除菌に使われている次亜塩素酸ナトリウムとは?

次亜塩素酸ナトリウムが除菌に使われていると言われてもピンと来ない人は多いのではないでしょうか。確かに化学とは無縁の人からすれば分からない話でもないです。しかし呼び方を変えた途端、身近なものへと変化するのがこの次亜塩素酸ナトリウム。恐らくどこの家庭にもあるであろう塩素系漂白剤に含まれています。原液のままでは強すぎるので用途に応じて希釈しなければならず扱いには注意が必要ですが、その分コストパフォーマンスに優れています。

次亜塩素酸ナトリウムの特徴と使用目的

次亜塩素酸ナトリウムの特徴としては先でも申し上げた通り強力です。過去に次亜塩素酸ナトリウムが含まれた製品が、特定の状況下で人体に影響を及ぼし問題になったり、アルミや銅を腐食させてしまうといった危険性もあるため、取り扱いには細心の注意が欠かせません。

水で薄めて使用するのが一般的ですが、一番の特徴となる臭いは希釈しても消えることはありませんので、どこで使われているかはすぐに分かります。塩素系の漂白剤やプールに使われていることが多く、その目的は基本的に殺菌や除菌ですがシミ抜きに使われることもあります。しかし温度が上がるにつれて次亜塩素酸ナトリウムの分解が進んでしまうので、熱湯と併用しても十分な効果は期待できません。

次亜塩素酸ナトリウムのメリット

非常に強力な次亜塩素酸ナトリウムは希釈しなければ使うことは出来ません。希釈は必須とも言えますが、そのお陰で一度あたりに使う量は必然的に少なくなります。長年保存していれば効果は落ちてしまいますがそれでも長く使えるというのは次亜塩素酸ナトリウムの強みです。比較的安いということもあり、入手も容易。

また、希釈をするのに特殊な溶液など必要なく、水道水で十分です。他にも食中毒の原因となりうる大腸菌やサルモネラ菌、冬場に猛威を振るうインフルエンザにも有効とされているため、多方面で活躍します。扱い方には細心の注意を払わなければなりませんが、使いこなせなければかなり強力な味方となってくれるでしょう。

次亜塩素酸ナトリウムのデメリット

次亜塩素酸ナトリウムは強力で、それを薄めたものであっても直接触れることは人体に悪影響を及ぼします。手軽に手に入るのは良いですが、お子さんのいる家庭では特に扱いへの注意が必要です。誤飲はひどい場合、命にかかわるケースもあると言われているので絶対に避けなければなりません。
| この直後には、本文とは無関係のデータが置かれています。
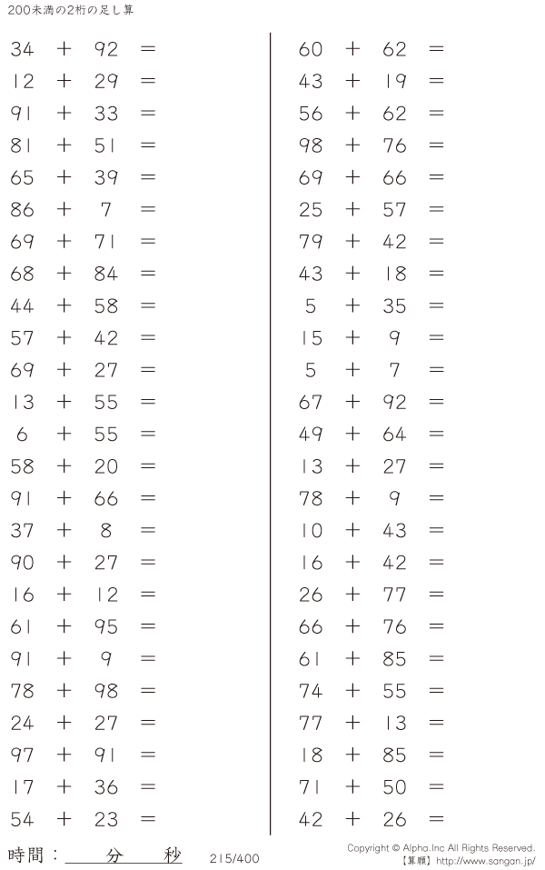 上記のボタンから「200未満の2桁の足し算」の算数数学ドリル・計算ドリル(PDFプリント)がダウンロードできます。個人利用は無料です(家庭以外での配布は有料です)。

また、次亜塩素酸ナトリウムを含んでいる漂白剤などでよく目にする文言、混ぜるな危険の背景には次亜塩素酸ナトリウムの分解のし易さがあります。気を付けなければならないのが酸性のクリーナーなどと一緒に使ってしまうこと。混ぜてしまうと人体に害のある塩素ガスが発生し、こちらも最悪の場合、命にかかわるほど危険なものです。

まとめ

効果の高い反面、次亜塩素酸ナトリウムは人体に与えるダメージも非常に強いため、取り扱いは十分に注意すべきです。ただし、使用上の注意をよく読んだ上で、正しい使い方さえ出来れば何も心配することはありません。それでも過去には、特定のものに対して有効という言葉だけが独り歩きしてしまい、何度か問題となってきました。除菌で衛生環境を整え、健康を守る強力な武器とするためには、正しい次亜塩素酸ナトリウムの使い方を覚えておくことが何より大切です。